The CBN last week gave a directive to BDCs to increase their capital base to N35 million and keep a caution fee of N35 million in a non-interest bearing account with the apex bank.
“We believe that the central bank will either lower the capital requirement and caution deposit or extend the deadline for compliance beyond the July 15, 2014 date stipulated in its directive”, analysts at Cowry Asset Management Limited have said.
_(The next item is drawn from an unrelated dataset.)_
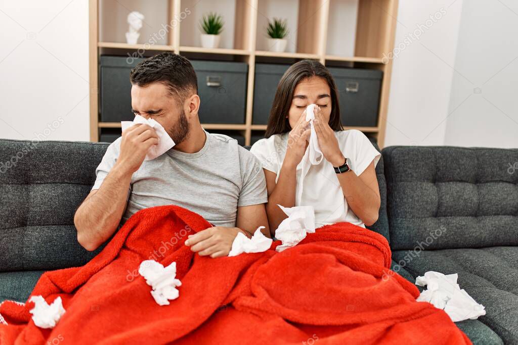- Young latin ill couple using napkin sititng on the sofa at home.
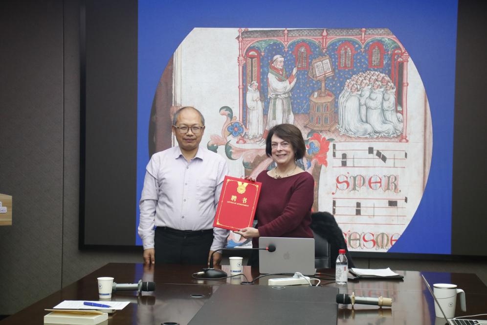 郝田虎教授向巴特菲尔德教授颁发中世纪与文艺复兴研究中心国际顾问聘书

Last week the CBN sold USD604.58 million (or N94.15 billion) to end users at its bi-weekly Retail Dutch Auction (RDAS) lower than USD642.34 million (or N100.05 billion) sold the preceding week. Consequently, the official Naira/USD rate closed steady at N155.73/$1. Meanwhile, the naira appreciated in all alternative market segments as local units of Royal Dutch Shell sold an undisclosed amount of dollars while Italy’s Eni selling about USD15 million. At the inter-bank market, the naira appreciated by 0.25% (or N0.40) to N162.65/$1. The local currency also rose at the bureau de change (BDC) and parallel markets by 0.60% (or N1.00) and 0.89% (or N1.50) to N166.00/$1 and N167.00/$, respectively.
Also this week, inter-bank rates are expected to rise following absence of any major inflow amid outflows for forex purchases at the bi-weekly Retail Dutch Auction System (RDAS).
The CBN will this week auction treasury bills worth N70.56 billion via the primary market, viz: 91-day bills worth N20.16 billion; 182-day bills worth N50.40 billion; Also, treasury bills worth N70.56 billion will mature, viz: 91-day bills worth N20.16 billion; 182-day bills worth N50.14 billion.
Last week, the Nigerian Inter-Bank Offered Rates (NIBOR) increased for most placement tenors amid strained financial system liquidity. In line with expectations, the 1 month, 3 months and 6 months tenor rose to 12.35%, 13.43% and 14.39% (from 11.90%, 13.16% and 14.13%), respectively. However, the overnight tenor remained steady at 10.50%.
On the other hand, bond prices are expected to moderate (with corresponding increase in yields) atop profit taking activities and expected strain in financial system liquidity.
The Federal Government bonds last week traded at the over the counter market appreciated (and yields declined) for most maturities amid bargain hunting activities. The 20-year, 10.00% FGN July 2030 bond advanced by N4.40 (yield decreased to 12.19% from 12.94%). Also, the 10-year, 16.39% FGN January 2022 debt gained N1.55 (yield decreased to 11.77% from 12.05%); the 7-year, 16.00% FGN June 2019 instrument firmed by N0.20 (yield declined to 11.36% from 11.42%); the 5-year, 15.10% FGN April 2017 paper increased by N0.30 (yield decreased to 11.26% from 11.40%); while the 3-year, 13.05% FGN August 2016 bond appreciated by N0.30 (yield decreased to 11.21% from 11.32%).